The principle of cognitive–behavioral therapy is based upon the premise that mental disorders and psychological distress are maintained by cognitive factors. Thus, CBT stimulates the patient to identify and to challenge the validity of maladaptive cognitions and therefore modify maladaptive behavioral patterns (Hofmann et al., 2012). CBT techniques applied in chronic dizziness comprise psychoeducation (information about dizziness), explanation and discussion of associations between assumptions (about dizziness), thoughts, moods and behaviors, behavioral experiments, exposure to feared stimuli, and attentional refocusing, coping strategies, and self‐observations (Edelman et al., 2012; Popkirov et al., 2018; Schmid et al., 2011).

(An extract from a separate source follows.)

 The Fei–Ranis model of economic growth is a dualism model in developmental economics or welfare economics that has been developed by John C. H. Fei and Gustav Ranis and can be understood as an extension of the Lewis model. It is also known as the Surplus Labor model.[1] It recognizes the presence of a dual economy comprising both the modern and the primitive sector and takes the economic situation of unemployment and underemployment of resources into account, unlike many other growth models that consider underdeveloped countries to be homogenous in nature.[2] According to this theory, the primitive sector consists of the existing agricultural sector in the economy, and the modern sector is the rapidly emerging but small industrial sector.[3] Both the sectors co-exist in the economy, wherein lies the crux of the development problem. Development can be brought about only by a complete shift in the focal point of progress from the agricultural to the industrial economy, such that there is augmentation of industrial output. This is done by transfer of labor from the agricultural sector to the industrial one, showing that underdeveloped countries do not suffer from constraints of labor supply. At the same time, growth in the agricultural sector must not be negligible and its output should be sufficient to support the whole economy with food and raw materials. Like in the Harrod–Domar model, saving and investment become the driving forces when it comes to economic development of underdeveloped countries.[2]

In addition, patients learn relaxation techniques.

Generally, the studies show a small but clinically relevant effect of CBT concerning dizziness (Edelman et al., 2012; Limburg et al., 2019; Schmid et al., 2011). However, in a one‐year follow‐up of 20 patients with phobic postural vertigo no treatment effect remained after CBT (Holmberg et al., 2007).

Vestibular rehabilitation (VR) is an exercise‐based group of approaches to train the system to overcome dizziness, vertigo, and balance disturbances. VR has especially been shown to improve symptoms after unilateral vestibular loss (McDonnell & Hillier, 2015). VR exercises are based upon different physiotherapeutic approaches (Kundakci et al., 2018; McDonnell & Hillier, 2015). Compensation is the ability of the brain to learn and, therefore, to change the functioning of central nervous networks. Substitution is a process that stimulates the use of intact sensory inputs (e.g., visual or somatosensory) in contrast to dysfunctional inputs (e.g., in the case of vestibular loss). Adaptation means that errors in visual–vestibular and balance systems can be corrected and readjusted. Habituation means that the system may reduce its responsiveness to motion stimuli in order to reduce the symptoms of dizziness.

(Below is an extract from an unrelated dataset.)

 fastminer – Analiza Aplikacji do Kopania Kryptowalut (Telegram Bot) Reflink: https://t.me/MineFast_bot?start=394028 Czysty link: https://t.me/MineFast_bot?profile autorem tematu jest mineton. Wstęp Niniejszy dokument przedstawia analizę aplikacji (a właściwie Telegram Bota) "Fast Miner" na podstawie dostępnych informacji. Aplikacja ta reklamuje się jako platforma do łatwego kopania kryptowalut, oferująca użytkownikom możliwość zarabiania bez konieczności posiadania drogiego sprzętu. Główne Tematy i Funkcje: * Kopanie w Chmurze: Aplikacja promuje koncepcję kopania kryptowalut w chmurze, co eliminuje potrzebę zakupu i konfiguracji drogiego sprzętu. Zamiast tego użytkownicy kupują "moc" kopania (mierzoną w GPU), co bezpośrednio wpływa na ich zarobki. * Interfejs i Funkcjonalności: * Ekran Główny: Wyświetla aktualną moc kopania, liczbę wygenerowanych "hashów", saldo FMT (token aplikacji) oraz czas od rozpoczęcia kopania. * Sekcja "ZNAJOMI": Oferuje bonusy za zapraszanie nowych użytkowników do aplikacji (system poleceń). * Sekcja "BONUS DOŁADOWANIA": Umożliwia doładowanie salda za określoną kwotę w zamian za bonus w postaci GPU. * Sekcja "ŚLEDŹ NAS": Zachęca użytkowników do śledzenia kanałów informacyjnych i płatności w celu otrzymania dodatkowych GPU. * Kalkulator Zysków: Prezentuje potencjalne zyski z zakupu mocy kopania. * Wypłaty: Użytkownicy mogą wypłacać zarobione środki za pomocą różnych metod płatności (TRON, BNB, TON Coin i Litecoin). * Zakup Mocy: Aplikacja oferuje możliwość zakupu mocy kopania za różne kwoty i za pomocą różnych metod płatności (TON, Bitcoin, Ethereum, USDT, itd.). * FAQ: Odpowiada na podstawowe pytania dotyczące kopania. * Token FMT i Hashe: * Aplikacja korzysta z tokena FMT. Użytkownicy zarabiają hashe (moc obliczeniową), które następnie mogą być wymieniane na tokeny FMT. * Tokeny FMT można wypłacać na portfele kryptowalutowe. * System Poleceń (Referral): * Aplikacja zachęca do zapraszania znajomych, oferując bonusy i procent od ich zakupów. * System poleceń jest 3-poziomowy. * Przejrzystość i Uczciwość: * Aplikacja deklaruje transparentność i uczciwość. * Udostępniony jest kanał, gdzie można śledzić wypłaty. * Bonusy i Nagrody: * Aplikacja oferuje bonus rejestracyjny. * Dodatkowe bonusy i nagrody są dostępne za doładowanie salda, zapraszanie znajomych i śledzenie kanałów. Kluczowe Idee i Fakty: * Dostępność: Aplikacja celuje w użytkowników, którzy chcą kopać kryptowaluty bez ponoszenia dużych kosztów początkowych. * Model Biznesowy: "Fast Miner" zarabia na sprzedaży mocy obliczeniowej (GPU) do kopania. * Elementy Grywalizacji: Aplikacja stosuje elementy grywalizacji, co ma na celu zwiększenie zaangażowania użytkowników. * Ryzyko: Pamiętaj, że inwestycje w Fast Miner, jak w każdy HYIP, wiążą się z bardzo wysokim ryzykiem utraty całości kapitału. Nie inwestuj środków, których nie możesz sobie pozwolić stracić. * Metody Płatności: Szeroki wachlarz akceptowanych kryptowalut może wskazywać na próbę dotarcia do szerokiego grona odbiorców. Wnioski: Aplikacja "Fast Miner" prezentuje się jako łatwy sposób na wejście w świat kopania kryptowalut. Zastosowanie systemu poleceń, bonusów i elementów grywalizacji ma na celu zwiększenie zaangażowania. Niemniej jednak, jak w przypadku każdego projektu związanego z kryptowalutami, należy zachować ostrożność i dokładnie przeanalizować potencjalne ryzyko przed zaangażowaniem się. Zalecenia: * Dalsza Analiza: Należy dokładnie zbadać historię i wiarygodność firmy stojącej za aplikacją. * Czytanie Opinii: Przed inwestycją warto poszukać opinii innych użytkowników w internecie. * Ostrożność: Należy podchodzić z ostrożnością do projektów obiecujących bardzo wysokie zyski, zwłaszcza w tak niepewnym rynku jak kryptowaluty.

Physical exercises and training comprise postural control exercises and gate stabilization, conditioning activities and occupational retraining, coordination training, and exercises for gaze stabilization. Recent studies (Nada et al., 2019; Thompson et al., 2015) found beneficial effects on patients with PPPD.

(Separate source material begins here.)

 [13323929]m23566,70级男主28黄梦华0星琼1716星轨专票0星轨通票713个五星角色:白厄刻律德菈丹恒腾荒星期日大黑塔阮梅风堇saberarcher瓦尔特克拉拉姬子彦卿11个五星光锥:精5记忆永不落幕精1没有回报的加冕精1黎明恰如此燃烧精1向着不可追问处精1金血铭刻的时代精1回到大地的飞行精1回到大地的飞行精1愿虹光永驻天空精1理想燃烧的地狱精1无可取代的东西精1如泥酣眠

Selective serotonin reuptake inhibitors (SSRI) represent pharmacological options to modify anxiety and depression (Staab, 2016, 2020). Existing studies in chronic dizziness and vertigo are all open‐labeled and nonrandomized (Popkirov, et al., 2018) but show some beneficial effects (Horii et al., 2007; Staab & Ruckenstein, 2005; Staab et al., 2004). Sertraline and fluvoxamine were the most often used substances. However, the evidence level is relatively low.

As all these therapeutic effects are significant but rather limited, the use of a combination of these therapeutic principles suggests itself. Therefore, the aim of this study was to evaluate the effects of an interdisciplinary multimodal therapy program we use in our tertiary care specialized center for dizziness and vertigo. Here, we analyzed a database of 657 patients with chronic dizziness who participated in our day care multimodal treatment program with a focus on patients who met the diagnosis criteria for PPPD.

MATERIALS AND METHODS

We analyzed a database of patients with chronic dizziness who participated in a day care multimodal treatment program. The data were prospectively collected between June 2013 and March 2017 in the Center for Vertigo and Dizziness of Jena University Hospital. These data have already been analyzed to define age‐related characteristics of patients with chronic dizziness (Dietzek et al., 2018). The study was approved by the local ethics committee (ethics committee of the Friedrich‐Schiller‐University Jena, number 5426‐02/18). Written informed consent for study participation was obtained from all patients.

Multimodal and interdisciplinary day care treatment took place from Monday to Friday with an average of 7 hr of therapy per day. The therapeutic team consisted of a nurse, a neurologist, a psychologist, and a physiotherapist. The elements of the multimodal group therapy were specific physiotherapeutic training, CBT‐based psychoeducation and group therapy, training of Jacobson's muscle relaxation technique, and health education. The group sizes varied between 8 and 10 patients. In addition, every patient had an individual session with the psychologist for psychological assessment and counseling and an individual session with the neurologist for medical evaluation and treatment optimization as well. Table 1 shows the time schedule of the therapy week. Every patient had an outpatient consultation with a neurologist including a thorough diagnostic process before the patient was subjected to the therapy week.

Table 1

Time schedule of the therapy week

	Monday	Tuesday	Wednesday	Thursday	Friday
08:00–9:00	Address of welcome introduction	Health education	Individual session with psychologist or neurologist	Individual session with psychologist or neurologist	Individual session with psychologist or neurologist
9:00–10:30	Physiotherapy	Physiotherapy	Physiotherapy	Physiotherapy	Physiotherapy
10:30–12:00	CBT group	CBT group	CBT group	CBT group	Jacobson's progressive muscle relaxation
12:00–13:00	Lunch break	Lunch break	Lunch break	Lunch break	Lunch break
13:00–14:00	Individual session with psychologist or neurologist	Individual session with psychologist or neurologist	Individual session with psychologist or neurologist	Individual session with psychologist or neurologist	CBT group
14:00–15:00	Jacobson's progressive muscle relaxation	Jacobson's progressive muscle relaxation	Jacobson's progressive muscle relaxation	Jacobson's progressive muscle relaxation	Discharge
15:00–16:00	Individual session with psychologist or neurologist	Individual session with psychologist or neurologist	Individual session with psychologist or neurologist	Team visit

All patients filled out a questionnaire before therapy begun. Age, gender, and medical diagnoses were collected. The patients were contacted via mail to fill out a second questionnaire six months after attendance of the day care therapy program.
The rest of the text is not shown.